Friday, November 21, 2008

Australian Government backs police spying on community groups

THE AGE

 

http://www.theage.com.au/national/government-backs-police-spying-on-community-groups-20081026-592v.html

Government backs police spying on community groups

Richard Baker and Nick McKenzie
October 27, 2008 - 12:00AM

THE Brumby Government has backed Victoria Police's infiltration of activist and community groups, rejecting calls for greater scrutiny of covert police operations.

Police Minister Bob Cameron said the internal police controls covering the secret activities of the Security Intelligence Group were sufficient. "There is appropriate oversight in place as Deputy Chief Commissioner Simon Overland outlined last week," he said.

The activities of the intelligence unit are overseen by Mr Overland, another senior officer and two retired magistrates.

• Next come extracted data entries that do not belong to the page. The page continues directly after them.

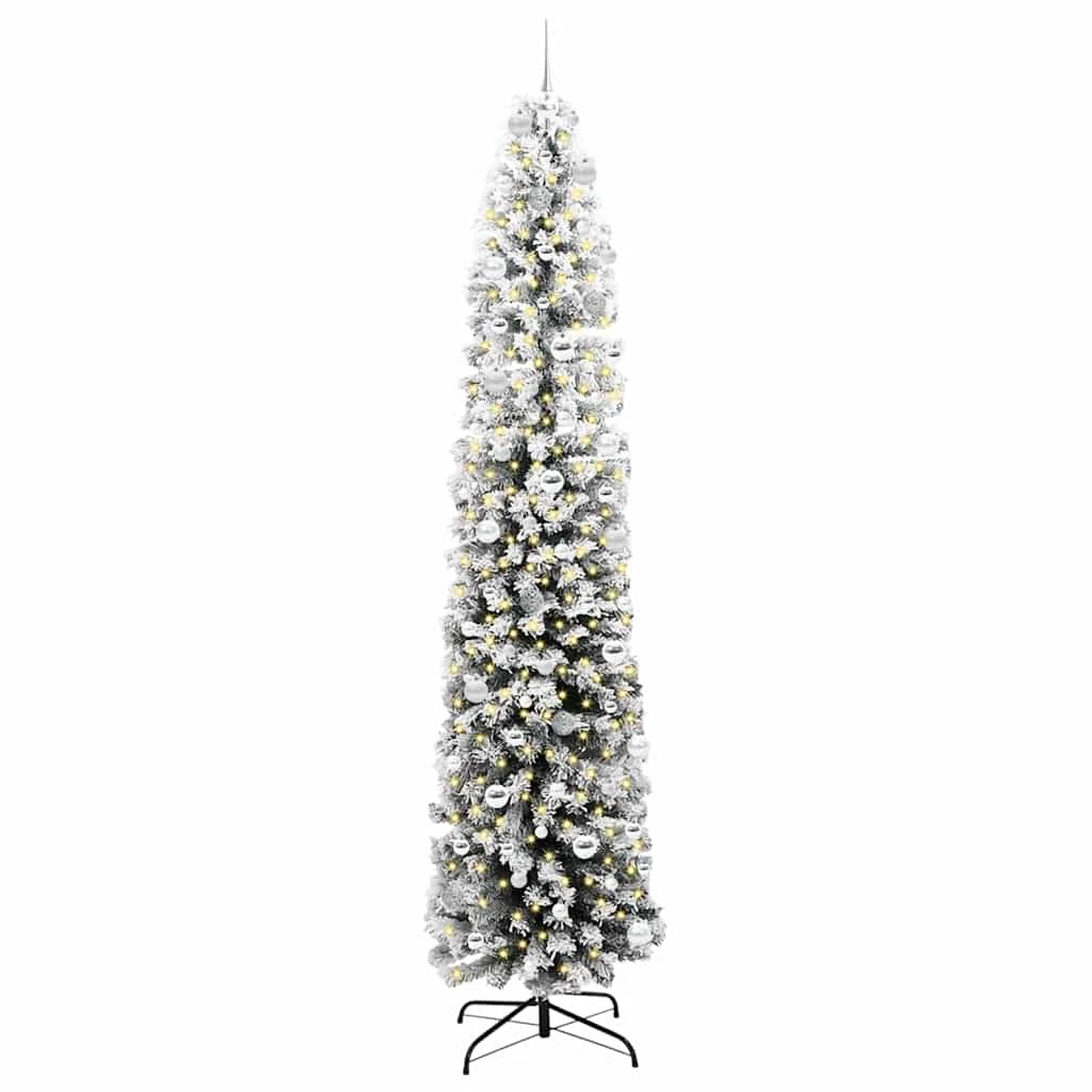 vidaXL mākslīgā Ziemassvētku egle ar sniegu, šaura, 240 cm, PVC&PE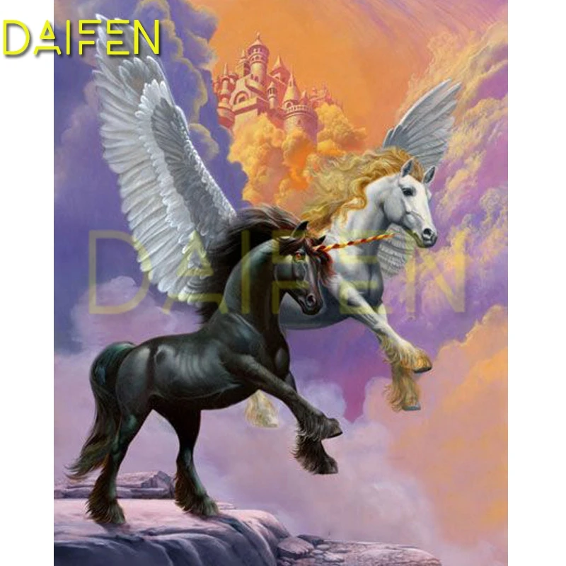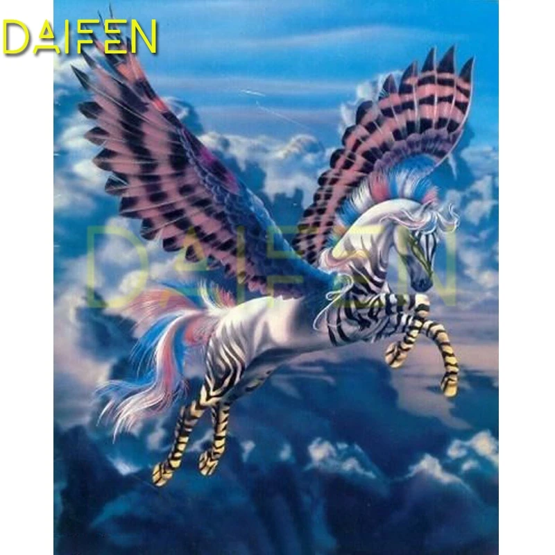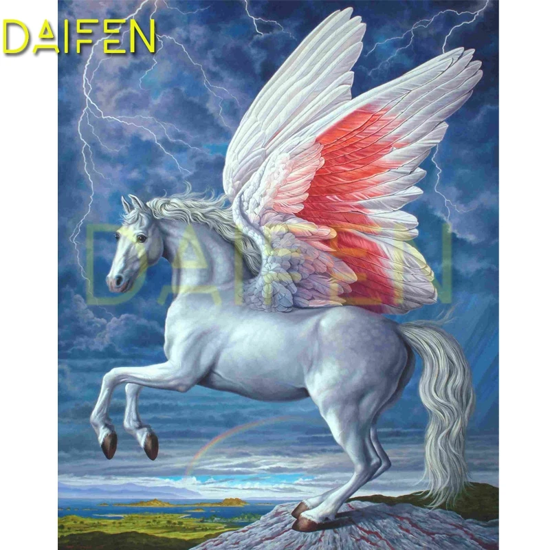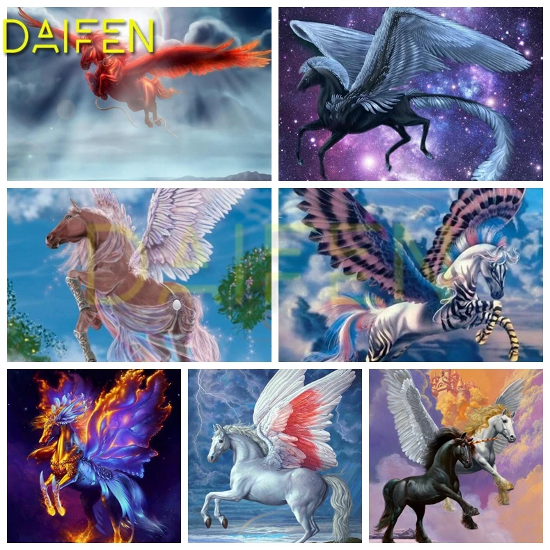 Алмазная 3D-картина сделай сам, вышивка крестиком, лошади, единорог, полная круглая Алмазная мозаика, перьевые крылья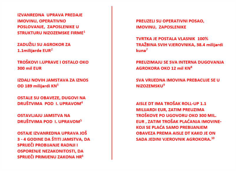 Osnovni alat za provođenje nezakonitih radnji i otimanje Agrokora su: zakon – Lex, Roll-up ugovor i jamstva!!! Čitavi model nagodbe – otimanja, od samoga početka su isplanirani i sada se želi provesti na osnovu jamstvima koja su trebala biti osporena. Narednih dana ćemo prezentirati što ovakva nagodba znači za hrvatsku državu, dosadašnje vlasnike i ostale dionike.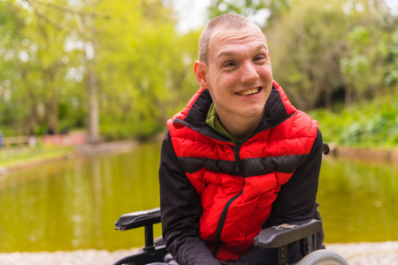 Portrait of a paralyzed young man in a public park in the city. Sitting in the wheelchair smiling looking at camera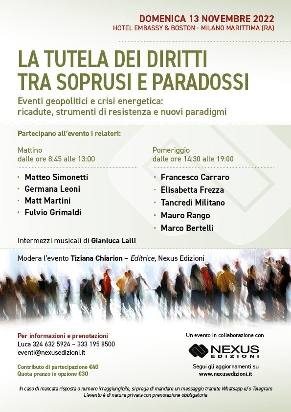 Qui la landing page dell’evento per avere maggiori dettagli: https://nexusedizioni.it/it/CT/la-tutela-dei-diritti-tra-soprusi-e-paradossi-6206/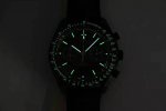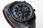 Speedmaster Series Dark Side of the Moon Chronograph Men's Watch features a stable original 9300 automatic movement. The 3 o'clock dial displays the 12-hour time, and the 9 o'clock dial displays the chronograph seconds. 1. The case thickness is 17.2mm, consistent with the original. 2. The case lugs are more delicate and elegant. 3. The bezel lettering is clearer, more prominent, and more three-dimensional. The double-sided convex crystal has super strong luminescence, perfectly replicating the original mold.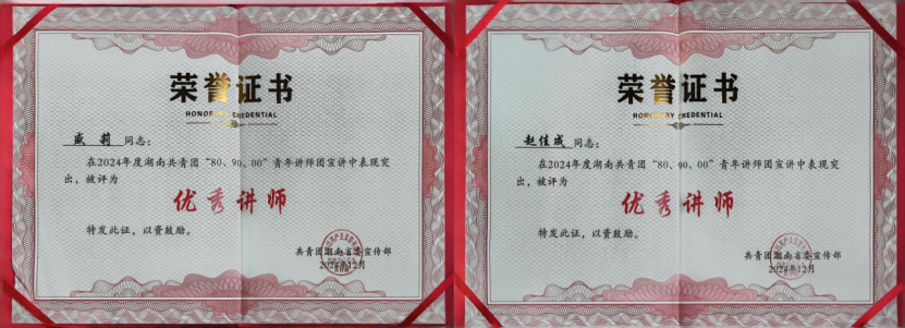 近日,共青團湖南省委召開“理 XIANG 青年”新時代湖湘青年理論學(xué)習(xí)年度示范宣講會。會上,公司青年盛莉、趙佳成榮獲“湖南省2024年度優(yōu)秀講師”稱號。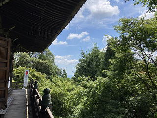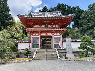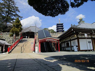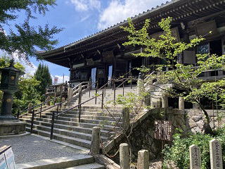 | 仁王門を潜ると舗装された参道があります。200mほどの石垣の参道を歩き売店の横を更に歩くと放生池にでます。放生池の周辺は静かで心地よい風景をしています。 西国三十三所第25番目の札所は大講堂に祀られている『十一面千手観世音菩薩』で、放生池の横の石段を上った先に本堂の根本中堂があります。推古天皇の勅願所で627年に創建され大正6年に再建されました。 本坊入口横に京都清水寺創建者の坂上田村麻呂をモチーフにした看板が掲げられてます。 |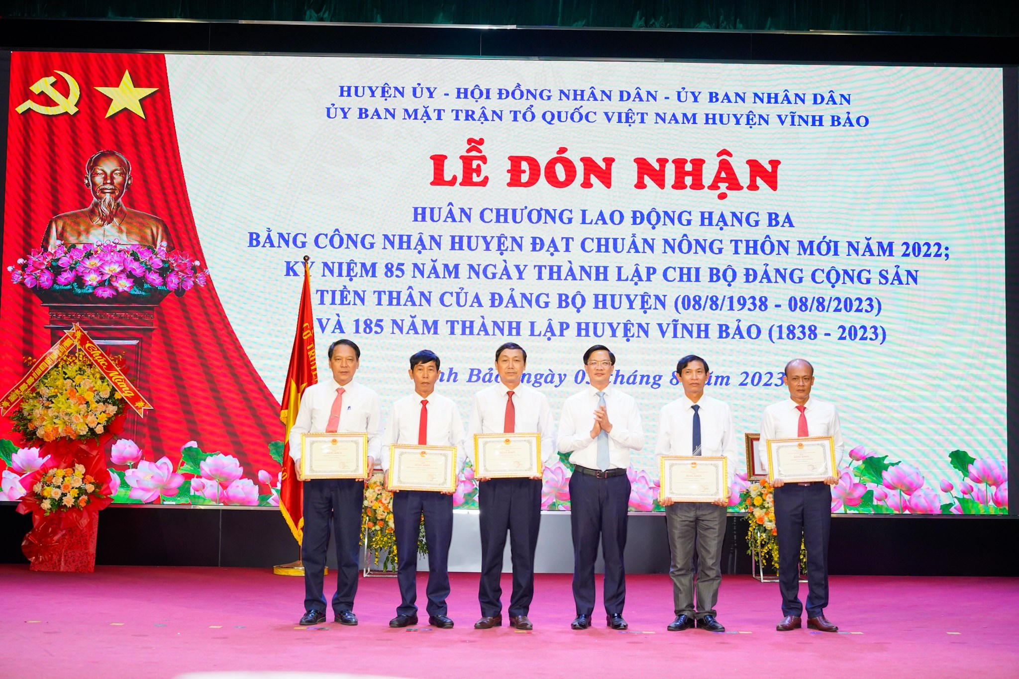 Tại Lễ kỷ niệm, Bí thư Thành ủy Hải Phòng Lê Tiến Châu đã trao Huân chương Lao động Hạng Ba của Chủ tịch nước tặng Đảng bộ, chính quyền và Nhân dân huyện Vĩnh Bảo.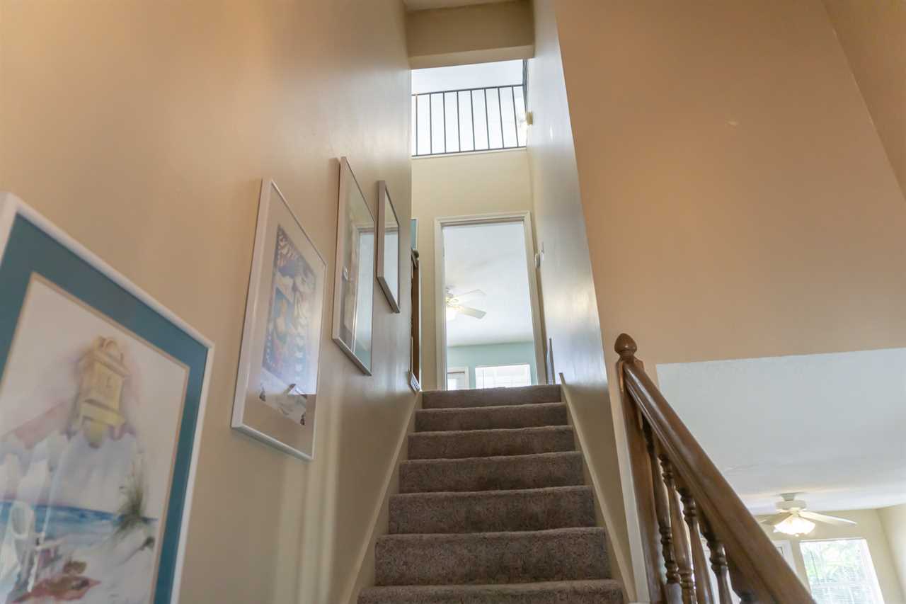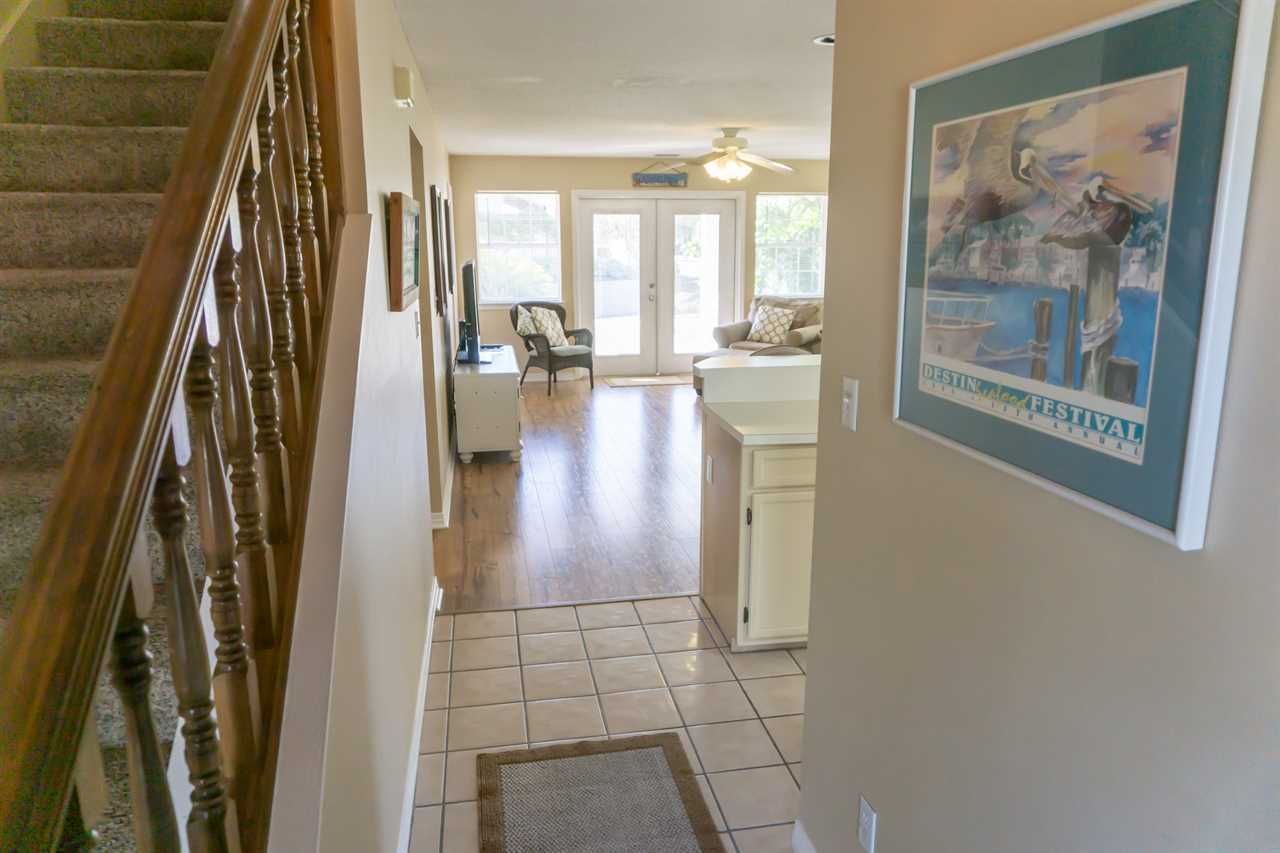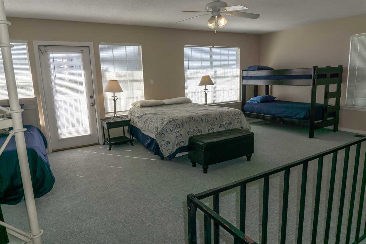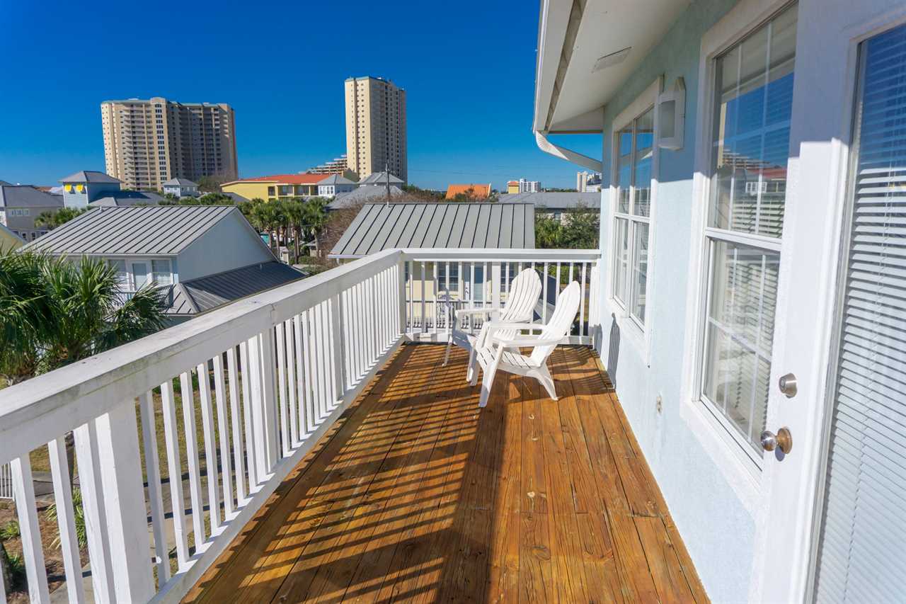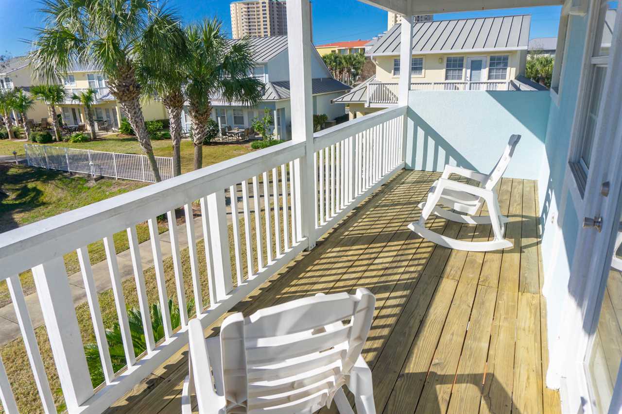 The security and privacy of a completely gated and guarded community adds extra peace of mind for all of Mainsail's guests. Our driveway can easily park three vehicles and our three bedrooms and loft easily sleep up to our twelve person capacity. Our cottage has all the conveniences of home including all kitchen equipment, linens, towels, and full size washer and dryer. The carport provides shade and cover while you carry in groceries to the conveniently located kitchen on the ground level. The two bedrooms on the ground floor have queen beds and share a full bath. The master suite is the entire second floor. A spacious bedroom with king bed and TV opens to a private deck overlooking one of the pools. The master bath has his and her vanities with a walk in shower and stand alone Jacuzzi tub. The third level loft has an open concept with a queen bed, a single bed, and a set of bunk beds, and a full bath. Enjoy incredible sunrises and sunsets from the private third floor open deck!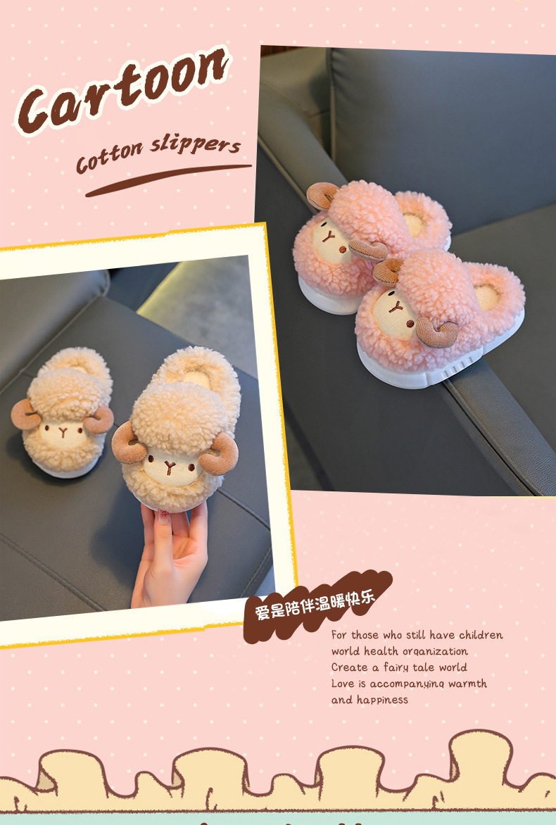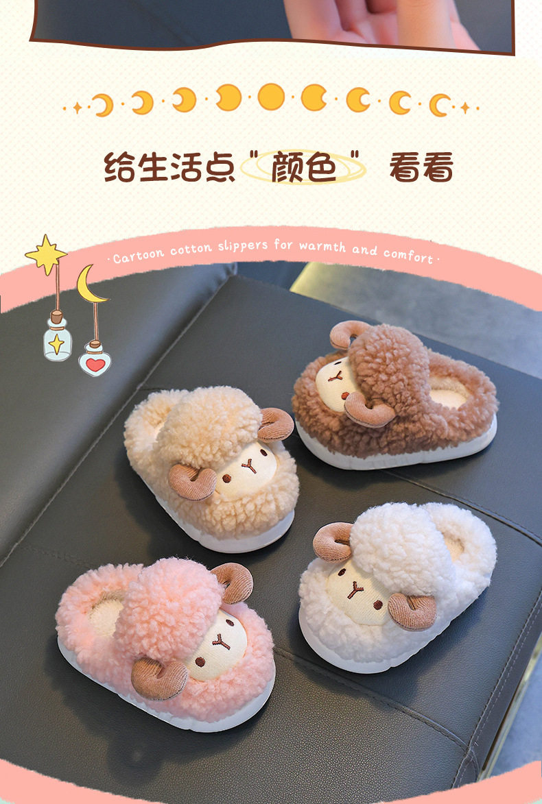 儿童棉拖鞋秋冬季男女童可爱保暖加绒毛毛中小童防滑宝宝包跟棉拖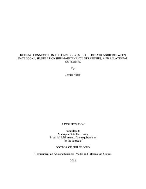 Keeping connected in the Facebook age : the relationship between Facebook use, relationship maintenance strategies, and relational outcomes
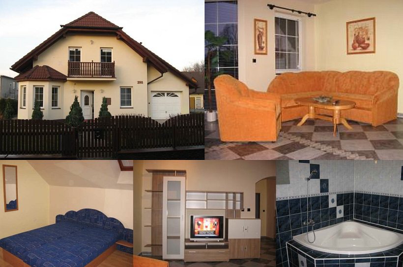 Житло: Domček pre 10 osôb (izby 2x2, 2x3 s možnosťou prístelky), vhodný najmä pre rodiny s detmi. Kompletne vybavená kuchynka (chladnička, kávovar, mikrovlnka, el. sporák). Parkovanie v garáži aj v uzamknutom objekte. Spoločenská miestnosť s TV a DVD, rozťahovacia rohová sedacia súprava, východ na terasu. 2x WC a kúpelňa so sprchovacím kútom a umývadlom.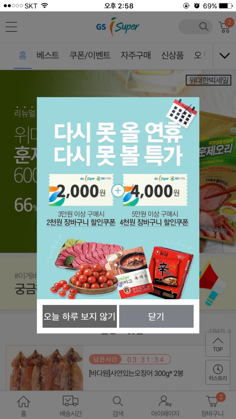 gs슈퍼 앱들어가심 메인팝업으로 장바구니 3만원이상 2천쿠폰 받으실수 있어요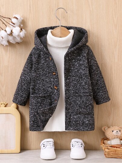 Baby Boy Double Pocket Hooded Coat Without Sweater - Grey - View 1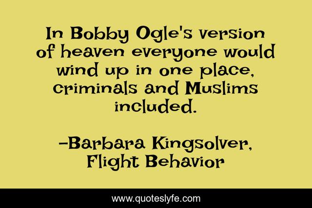 This page presents the quote "In Bobby Ogle's version of heaven everyone would wind up in one place, criminals and Muslims included.". Author of this quote is Barbara Kingsolver, Flight Behavior. .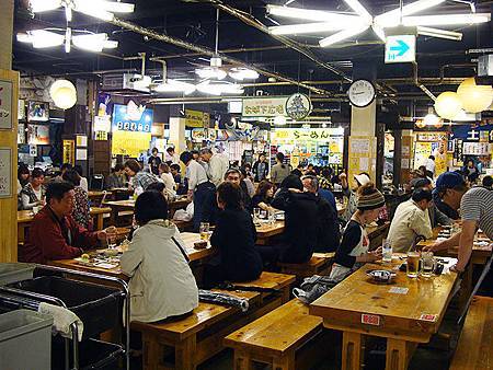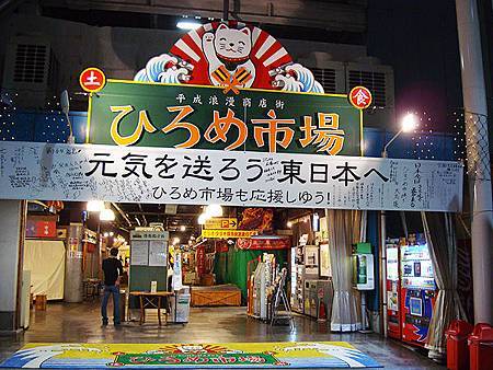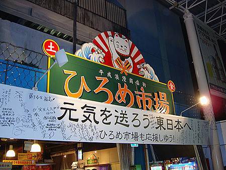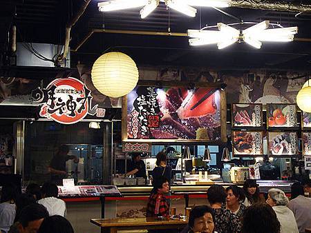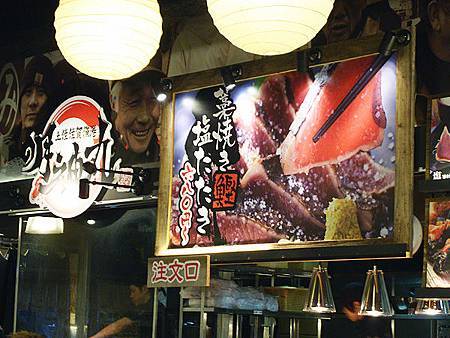 在找鞋店的同時、意外找到了ひろめ市場,這原本是在第2天晚上才會去的地方、去完鞋店後我們便在這吃到很有特色的晚餐。要吃到高知的鰹魚或鯨魚風味美食、可以來到ひろめ市場,這地方有點像是百貨公司的美食街、有居酒屋、料理餐廳、名產店、點完餐後就自己找位置、晚餐就在ひろめ市場中著名的鰹魚料理「明神丸」享用。

State Opposition Leader Ted Baillieu, the Law Institute of Victoria, Liberty Victoria and numerous community and protest groups have called for the covert activities of police to be supervised by an external body such as a parliamentary committee.

Their calls came after The Age revealed this month that a covert police officer had infiltrated groups such as Animal Liberation Victoria, Stop the War Coalition, Unity for Peace and Socialist Alternative over two years.

The officer also played a key role in the organising committee for the annual Palm Sunday peace rally in Melbourne. The non-violent event has widespread support and is organised by church groups, doctors, unions and students.

The Government and Victoria Police have received letters of complaint from protest group members who claim that police spying is an infringement of their civil liberties.

Mr Cameron ruled out Victoria following the lead of the US state of Maryland, which this year held an inquiry after it was revealed police had infiltrated anti-war and anti-death penalty groups. The inquiry resulted in the Maryland police department announcing it would no longer spy on law-abiding protest groups.

The Maryland infiltration was discovered through documents released under US freedom of information laws.

Mr Cameron, who is acting Attorney-General while Mr Hulls is on leave, also defended the Government against criticism of amendments it made to the Freedom of Information Act in 2006 that allow police to keep secret all documents created by its covert and intelligence unit.

These include intelligence reports on people who may not have committed any crimes, and which can be kept by police for an indefinite period.

"It is appropriate for the purposes of police work that material related to investigations remains secure," Mr Cameron said.

He said the 2006 changes were a "technical clean-up" of the FOI Act and that police intelligence documents had always been exempt from release.

Mr Overland recently told The Age that the police had specifically requested the 2006 FOI changes in order to stop people requesting information from the covert and intelligence unit.